> [WORK ORDER] Retype all of the data word for word, without pictures.

> [GIVEN DATA]
+--
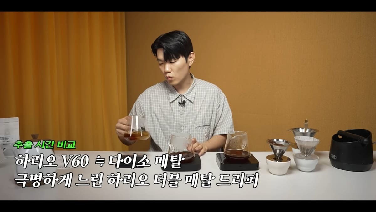 그는 이날 다이소 커피 드리퍼와 하리오 더블 메탈 드리퍼, 종이필터를 사용해야 하는 하리오 드리퍼 V60을 블라인드 테스트해 보기로 했다.
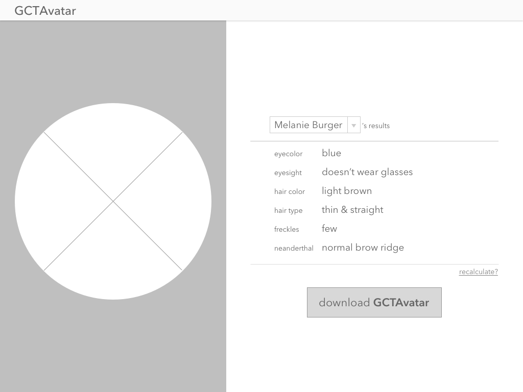 Could genetic data from the 23andMe API, be used to set up the base stats of a virtual avatar? Then, what if biometric data from the fitbit API could be synced with your avatar so that you could level-up alongside your avatar? Mix in a 3D scan of your body, and you have a virtual doppelgänger ...and potentially a dystopian universe. Nevertheless, this project explored how the 23andMe API could be used to initialize a custom avatar image based on genetic data.
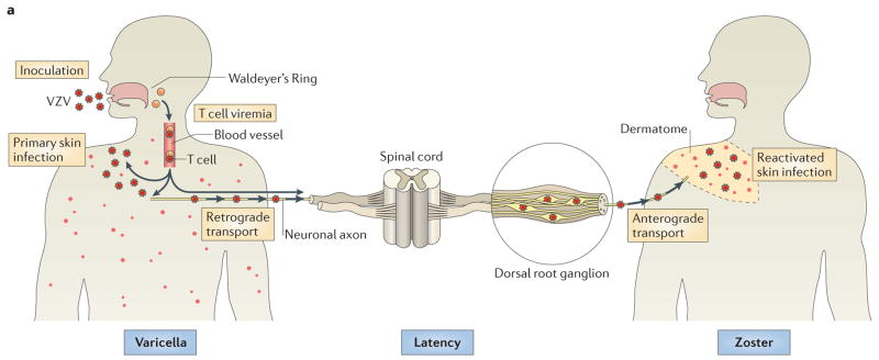 [2] Zerboni L, Sen N, Oliver SL, Arvin AM. Molecular mechanisms of varicella zoster virus pathogenesis. Nat Rev Microbiol. 2014 Mar;12(3):197-210. doi: 10.1038/nrmicro3215.
+--
> [WRITTEN ANSWER]
 그는 이날 다이소 커피 드리퍼와 하리오 더블 메탈 드리퍼, 종이필터를 사용해야 하는 하리오 드리퍼 V60을 블라인드 테스트해 보기로 했다.
 Could genetic data from the 23andMe API, be used to set up the base stats of a virtual avatar? Then, what if biometric data from the fitbit API could be synced with your avatar so that you could level-up alongside your avatar? Mix in a 3D scan of your body, and you have a virtual doppelgänger ...and potentially a dystopian universe. Nevertheless, this project explored how the 23andMe API could be used to initialize a custom avatar image based on genetic data.
 [2] Zerboni L, Sen N, Oliver SL, Arvin AM. Molecular mechanisms of varicella zoster virus pathogenesis. Nat Rev Microbiol. 2014 Mar;12(3):197-210. doi: 10.1038/nrmicro3215.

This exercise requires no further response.